Task directions:
Begin your transcription at the line containing "從TOP100企業(yè)的" and continue it, word for word, to the final line below. Include only those lines and skip the pictures.

Recorded data:
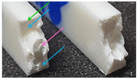 As seen in Figure 3, macroscopic heterogeneity is visible to the naked eye beginning at 6 wt% PP. The phenomenon is even more important at 8 wt% as shown in Figure 7. A central part (pink arrow) was protruding from the fracture surfaces. On some specimens, it is a simple spike as in Figure 3 and on others, it is an ellipsoidal cylinder.
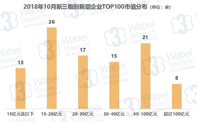 從TOP100企業(yè)的市值分布來看,市值超過100億元的企業(yè)有8家,而市值在15億元及以下、15-20億元、20-30億元、30-40億元、40-100億元的企業(yè)分別有13家、26家、17家、15家、21家。
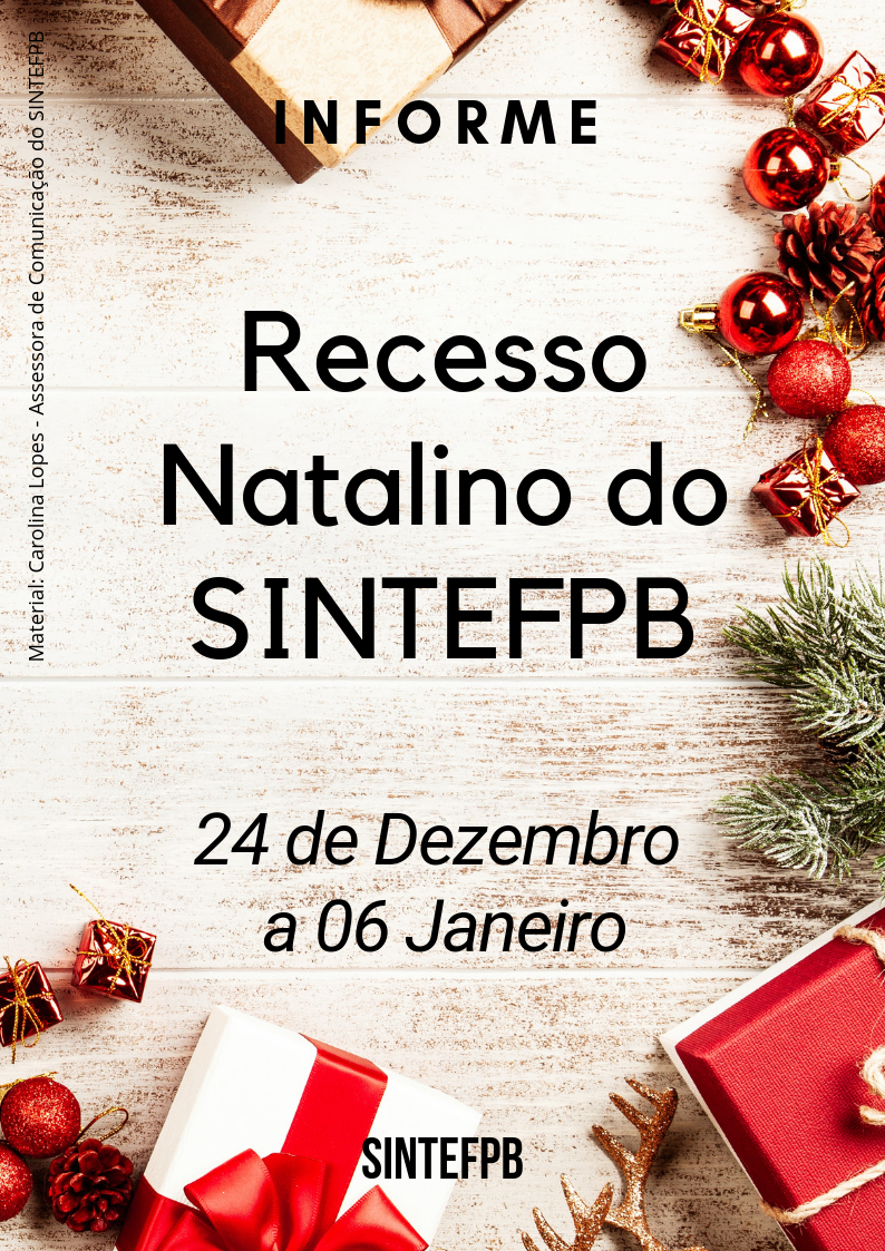 Recesso Natalino do SINTEFPB – 24 de dezembro a 06 de janeiro

Exercise solution:
 從TOP100企業(yè)的市值分布來看,市值超過100億元的企業(yè)有8家,而市值在15億元及以下、15-20億元、20-30億元、30-40億元、40-100億元的企業(yè)分別有13家、26家、17家、15家、21家。
 Recesso Natalino do SINTEFPB – 24 de dezembro a 06 de janeiro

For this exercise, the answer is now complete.